Ausserhalb der Stadt wurden grosse Einkaufszentren errichtet, die an Modernität kaum zu überbieten sind – was angesichts der nicht sehr kaufkräftigen Bevölkerung ziemlich schräg wirkt. Meine Zeit reichte leider nicht für den Weg aus der Stadt, aber dort versucht ein neues Kroatien, dem alten Morast der Geschichte zu entfliehen und technokratische Denkmäler zu bauen. Wer das sehen will, kann in einer Suchmaschine unter «Einkaufszentren» und «Zagreb» nach Bildern suchen. Für die Innenstadt ist das natürlich nicht förderlich, denn die alten Ladenstrassen werden unattraktiv, sterben langsam aus. Die Zahl der Ramschläden nimmt zu, grosse, bekannte Marken sieht man wenig. Dies wirkt sich wiederum auf den Tourismus aus.

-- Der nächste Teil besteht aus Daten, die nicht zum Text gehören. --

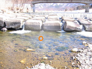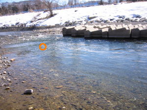 今シーズン第一号はイワナ。 シーズン初日で釣れたのは初めて。 上が釣れたポイント。 写真で見るよりは水深があります。 左は川上地区の千曲川。 雪はあまり多くなく、水量は少なめです。 |
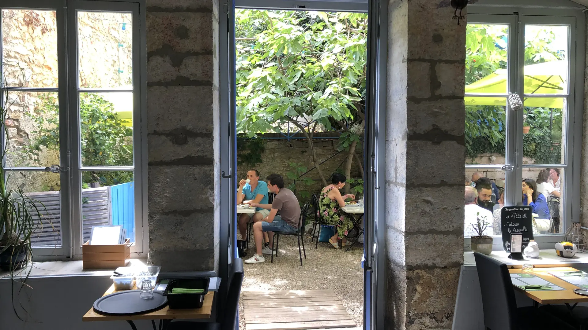 Plusieurs espaces à votre disposition : une salle lumineuse, une salle avec télévision pour les grands événements et d'un salon reposant ouvert sur une grande terrasse ensoleillée.

Ein kleiner Abstecher gelang mir allerdings, kurz vor der Abreise: Beim Hotel, hinter den Bahngleisen, auf dem Weg aus der Stadt hinaus, kommen die alten Wohnblöcke zum Vorschein. Der Schritt von der historischen Stadt zu diesen Sozialblöcken ist sehr klein, und überrascht. Es ist der Teil, den man nicht auf Postkarten zu sehen bekommt. Zagreb ist aber eine wunderbare Stadt. Durch die Universität, die vielen Kulturinstitutionen, die vielen Ecken und Geschichten garantiert eine Entdeckungsreise. Es gibt nicht mehr viele Städte in Europa, deren Entwicklung wir so nahe mitverfolgen können. Es lohnt sich, jetzt in diese Welt einzutauchen – denn bald einmal wird auch hier die Vergangenheit der Neuzeit Platz machen müssen. Dann wird der Charme von Zagreb schwinden, die Märkte unter den roten Sonnenschirmen, die für TouristInnen in den Gassen zelebrierte Folklore – und die Stadt der Millionen Herzen, wie sie von Einheimischen genannt wird, wird grau werden.